2.1. L, SS, LSS and Economic Pillar

TPM is the most widely evaluated practice regarding economic performance (19 articles), of which 95% result in a positive impact on performance; only one of the articles mentions partial performance, which means that it can influence some economic indicators. TPM impact economic performance by eliminating waste via performing planned maintenance, which ensures increased productivity [39] by having greater availability of equipment and avoiding equipment failure during production [40].
JIT is evaluated in 18 articles, of which 89% demonstrate positive results. It allows costs reduction in terms of storage or inventory levels [41], also influencing the speed, reliability, on-time deliveries, and flexibility of production [21]; however, 11% (2 articles) indicate that the application of JIT has only a partial relationship with economic performance.
Ghobakhloo et al. [42] indicate that JIT is positively related to the financial indicators and negatively related to the operational indicators, which contradicts the findings of Hadid et al. [43].
Employee involvement is considered relevant to economic performance; sixteen articles have used these practices to measure performance impact; 100% indicate that the relationship between the two constructs is positive. This result confirms the findings mentioned by Abreu-Ledón et al. [44], who focus on the workforce as one of the practices that substantially impact economic performance. Marín-Garcia et al. [45] state that employee involvement does not directly influence economic performance but is rather a means to obtaining a sustainable advantage when applying L, SS, or LSS.

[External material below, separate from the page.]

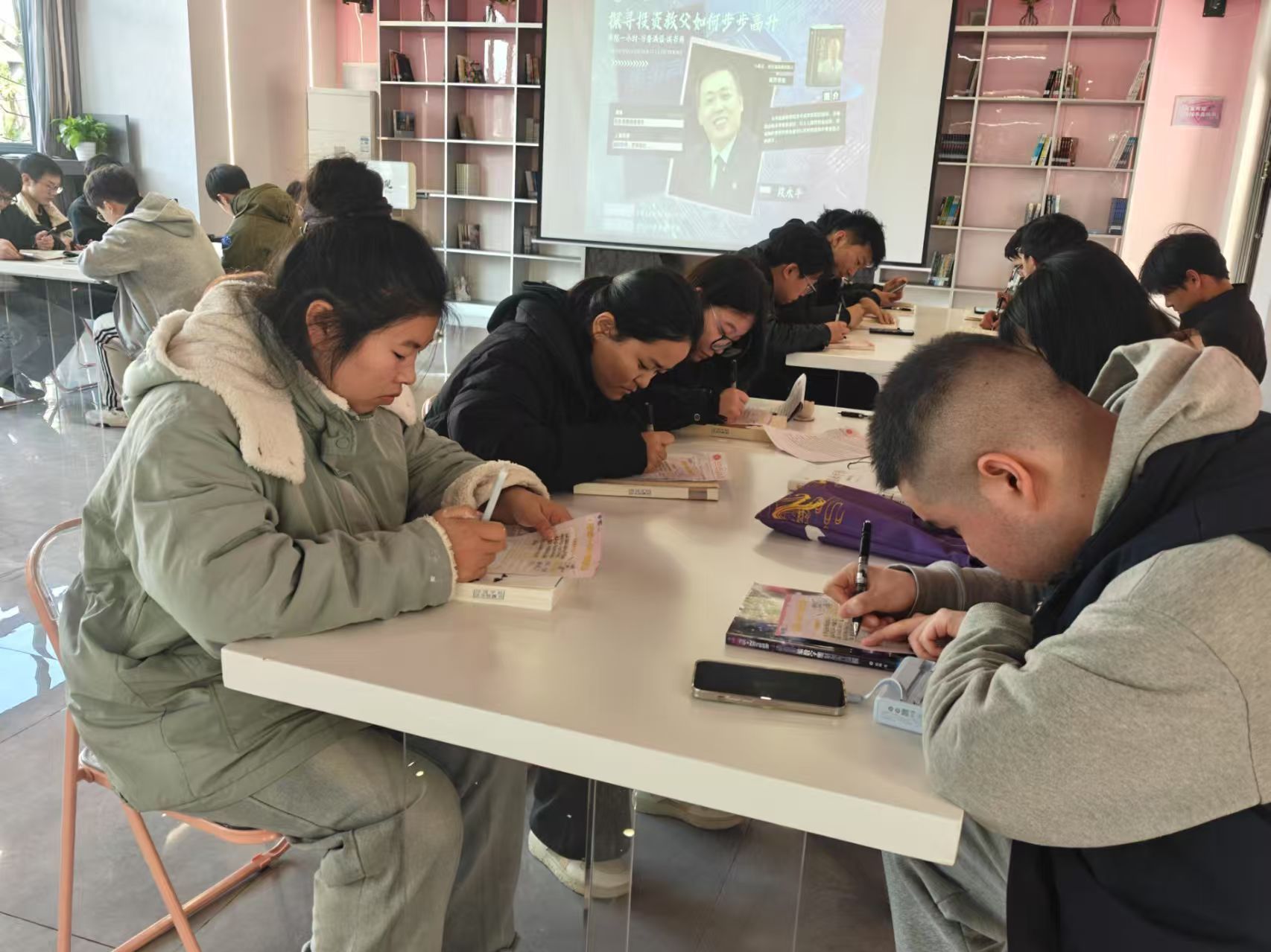 为激发同学们的读书热情,进一步营造浓厚的读书氛围,推动我校四位一体双院制的育人模式的实施。丁山书院于2月26日在DS104书吧开展了一场极具书香味的大咖阅读活动。同学们齐聚一堂,共同品读《段永平传》,领略商业传奇人物的智慧与风采。

2.2. L, SS, LSS and Social Pillar

Through the application of lean manufacturing focusing on the social aspect, it is intended that organizations should focus on meeting the needs of both employees and society [46]; among the practices where the result in terms of social impact has been of interest to the research can be found as follows:
Despite having been evaluated in only 3 articles, the processes and tools indicate that there is a positive relationship with the social pillar in 100% of these papers. This is happening because it mainly aids in using tools, methods, production techniques, equipment, and materials properly, ensuring that organizational processes are carried out without interruptions, and obtaining better workplace safety [47].
Employee involvement has been analyzed in 3 articles, all showing positive results in terms of its impact. It is because these practices are mainly responsible for keeping employees trained and empowered, giving them the ability to be participants in problem-solving meetings. Hence, it improves the morale and motivation of employees [48].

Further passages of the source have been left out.